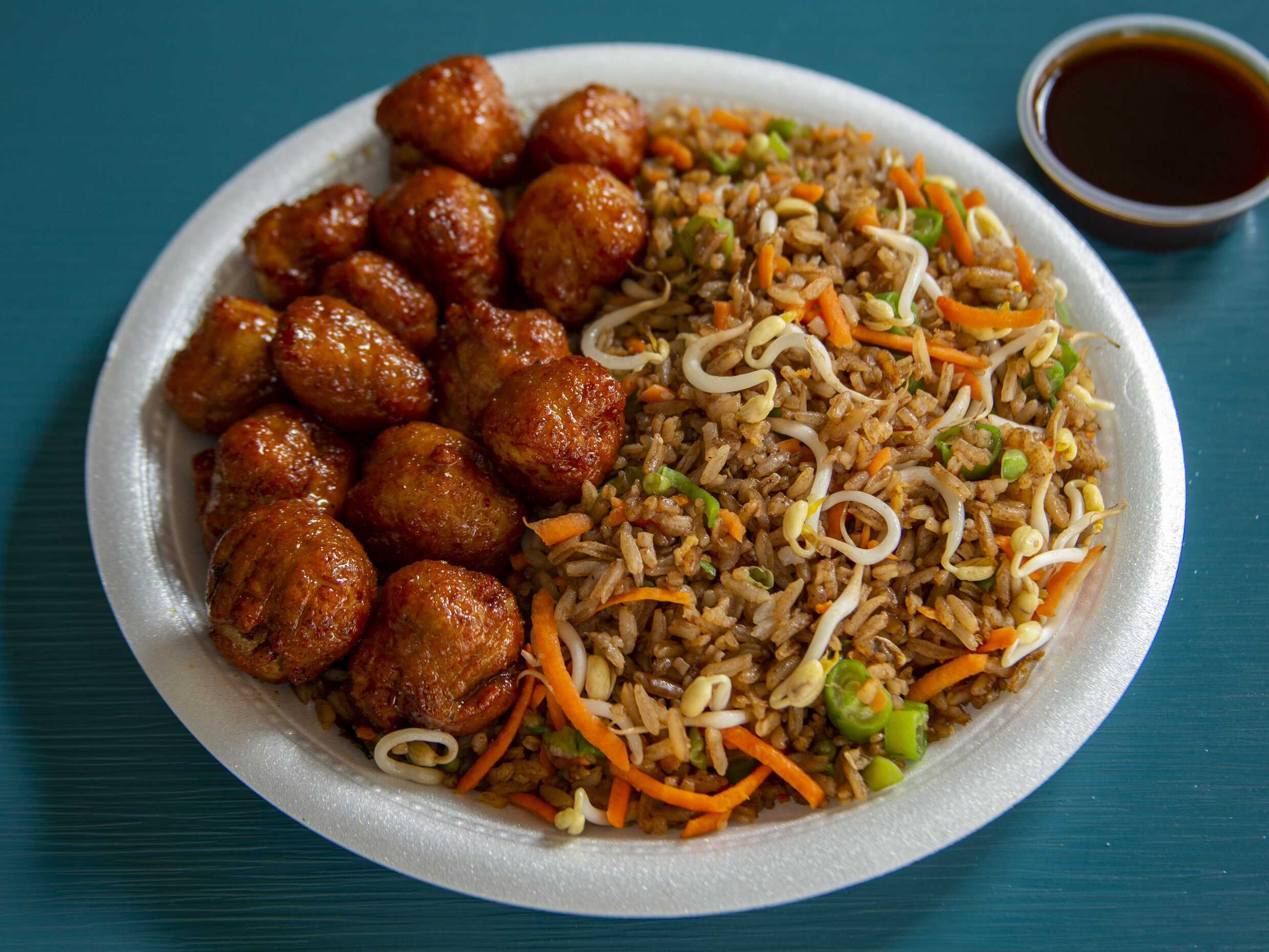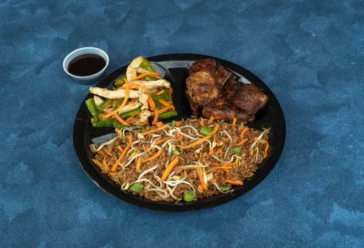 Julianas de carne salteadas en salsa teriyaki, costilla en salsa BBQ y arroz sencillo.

==

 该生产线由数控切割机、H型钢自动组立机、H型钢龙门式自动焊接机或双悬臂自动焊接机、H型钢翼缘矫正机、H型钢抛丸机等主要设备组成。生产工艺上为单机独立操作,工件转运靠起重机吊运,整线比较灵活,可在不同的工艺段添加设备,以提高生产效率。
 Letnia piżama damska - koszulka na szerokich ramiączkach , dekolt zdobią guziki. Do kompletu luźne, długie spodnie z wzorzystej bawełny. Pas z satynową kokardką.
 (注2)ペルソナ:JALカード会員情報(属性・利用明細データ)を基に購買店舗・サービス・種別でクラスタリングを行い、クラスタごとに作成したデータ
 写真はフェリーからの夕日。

--

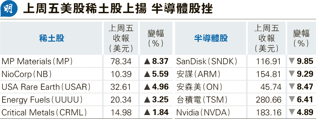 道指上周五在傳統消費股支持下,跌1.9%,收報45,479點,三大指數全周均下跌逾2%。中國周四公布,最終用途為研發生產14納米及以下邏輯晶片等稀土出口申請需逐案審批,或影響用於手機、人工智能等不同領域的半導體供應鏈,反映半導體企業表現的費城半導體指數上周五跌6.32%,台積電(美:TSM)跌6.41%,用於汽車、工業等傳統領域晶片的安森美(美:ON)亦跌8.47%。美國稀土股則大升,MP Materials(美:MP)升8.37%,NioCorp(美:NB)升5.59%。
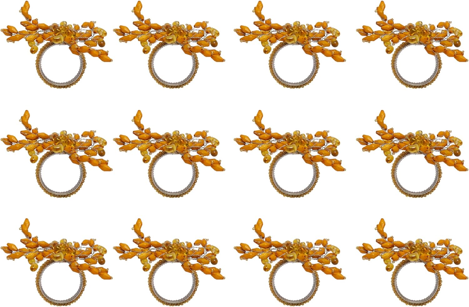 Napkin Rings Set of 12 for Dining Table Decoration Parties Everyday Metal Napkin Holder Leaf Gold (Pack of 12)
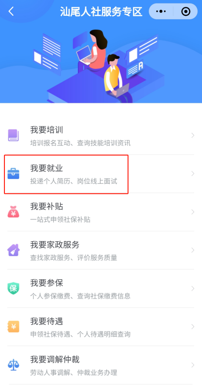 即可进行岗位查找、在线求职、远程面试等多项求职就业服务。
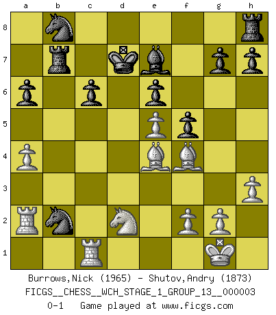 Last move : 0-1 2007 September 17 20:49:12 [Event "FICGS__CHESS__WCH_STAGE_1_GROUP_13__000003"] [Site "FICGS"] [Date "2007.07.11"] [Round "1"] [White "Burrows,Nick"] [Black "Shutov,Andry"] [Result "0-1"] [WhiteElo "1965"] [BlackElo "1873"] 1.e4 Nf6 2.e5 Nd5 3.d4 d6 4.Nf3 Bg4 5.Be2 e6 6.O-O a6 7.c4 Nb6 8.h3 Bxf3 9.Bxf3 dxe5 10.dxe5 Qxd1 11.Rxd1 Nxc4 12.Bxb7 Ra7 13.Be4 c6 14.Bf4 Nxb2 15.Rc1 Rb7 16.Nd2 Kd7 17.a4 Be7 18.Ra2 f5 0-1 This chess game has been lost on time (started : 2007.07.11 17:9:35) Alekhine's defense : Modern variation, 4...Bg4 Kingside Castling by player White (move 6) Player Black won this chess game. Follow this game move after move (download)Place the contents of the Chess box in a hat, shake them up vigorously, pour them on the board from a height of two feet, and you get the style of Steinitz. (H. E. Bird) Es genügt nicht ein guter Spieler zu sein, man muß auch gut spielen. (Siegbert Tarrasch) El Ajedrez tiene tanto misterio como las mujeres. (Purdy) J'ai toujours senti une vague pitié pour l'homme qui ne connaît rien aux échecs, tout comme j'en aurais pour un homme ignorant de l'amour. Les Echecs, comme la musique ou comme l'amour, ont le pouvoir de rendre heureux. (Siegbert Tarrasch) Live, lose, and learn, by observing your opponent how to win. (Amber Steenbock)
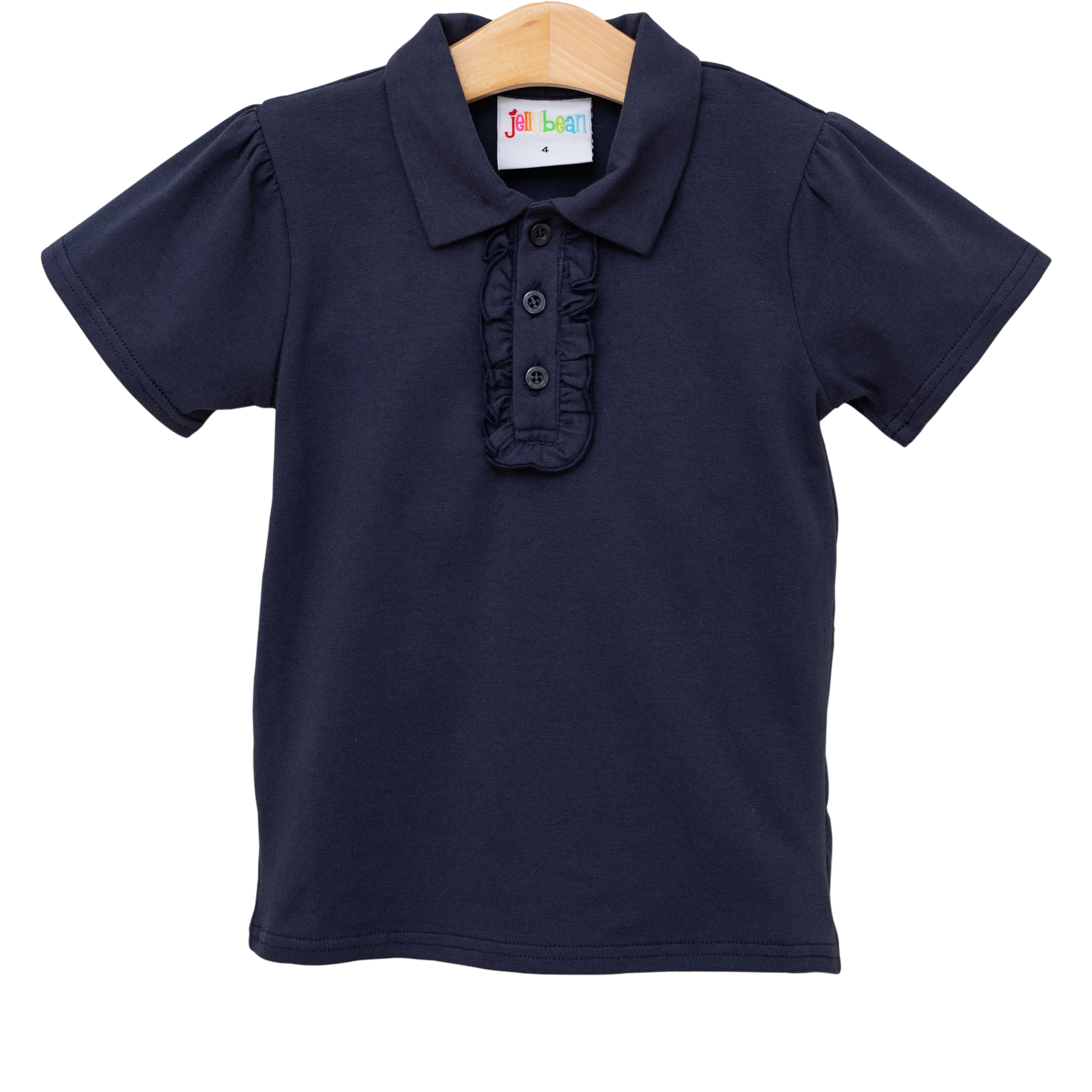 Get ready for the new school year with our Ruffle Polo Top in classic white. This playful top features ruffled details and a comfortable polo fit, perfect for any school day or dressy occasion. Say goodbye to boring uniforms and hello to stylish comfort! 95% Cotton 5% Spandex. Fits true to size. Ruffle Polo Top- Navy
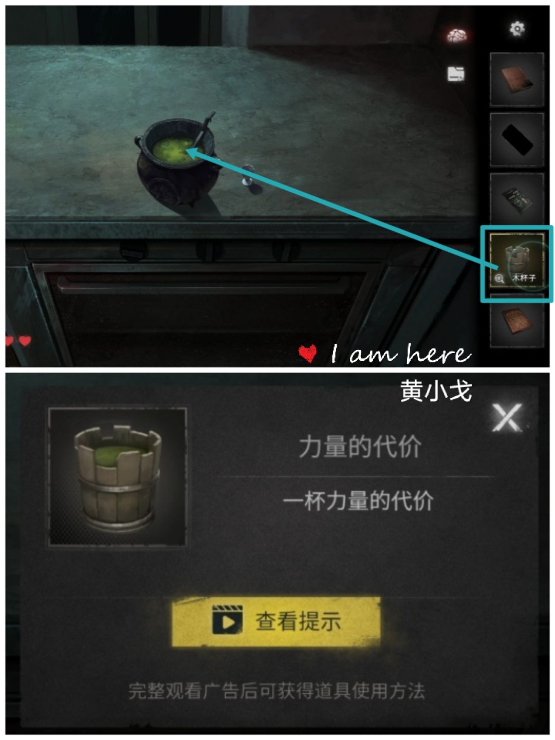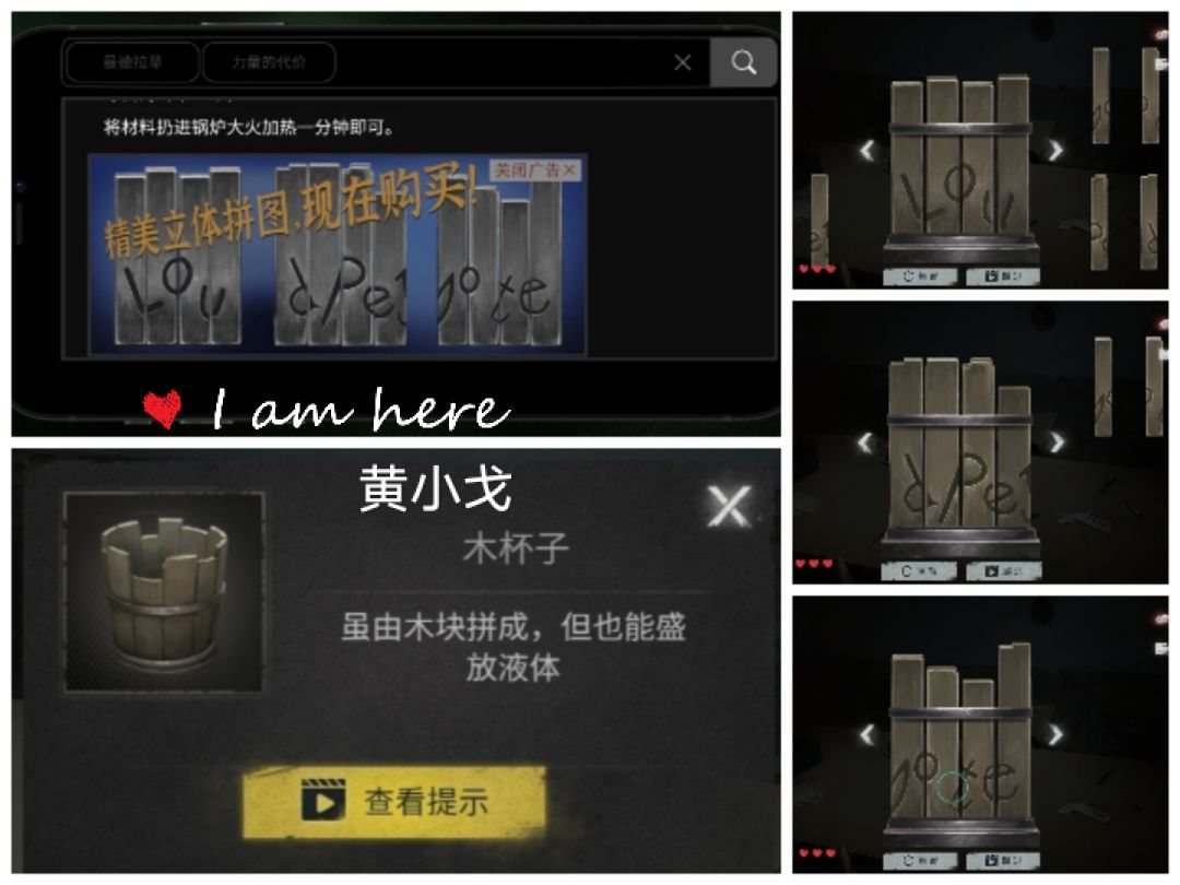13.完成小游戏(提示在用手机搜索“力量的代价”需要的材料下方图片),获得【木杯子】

#### [WHAT THE TASK ASKS]
Starting at the line containing "Napkin Rings Set" and stopping at the line containing "即可进行岗位查找、在线求职、远程面试等多项求职就业服务。", output every line above exactly, both ends included, with pictures omitted.

#### [RESPONSE TO THIS EXERCISE]
 Napkin Rings Set of 12 for Dining Table Decoration Parties Everyday Metal Napkin Holder Leaf Gold (Pack of 12)
 即可进行岗位查找、在线求职、远程面试等多项求职就业服务。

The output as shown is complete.